There's two kinds of services. One kind is like haircuts. You can't import or export them, they have to be supplied at the point of demand. The other kind is like financial services. They dont have any capital equipment (apart from a bunch of cheap computers) but what they do need, is access to international financial markets, and regulatory permission to do business. Those, of course, will migrate to Germany, because without EU agreements, they won't be able to do business in the EU. At all.
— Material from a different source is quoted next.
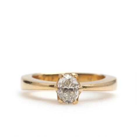F. Hingelberg: Diamantring af 18 kt. guld prydet med en oval brillantslebet diamant på ca. 0,65 ct. Str. ca. 51. 2010.

Immigration will *not* get down to under 100,000/year, because it didn't pre-Brexit when Mrs May was Home Office, and we had total control over non-EU immigration, which was 257,000/year. So why would she be able to reduce that after Brexit? Maybe she could stop another of our service industries, the provision of education to foreigners who pay good money to come to university here. That would cut UK GDP, but it would reduce the immigration figures, temporarily.

Still, a country that is happy to cut off its own nose, would surely not balk at cutting off a few toes.

tl:dr - I'm not an optimist on this.

I know. Let's leave the British Commonwealth. That'll show them.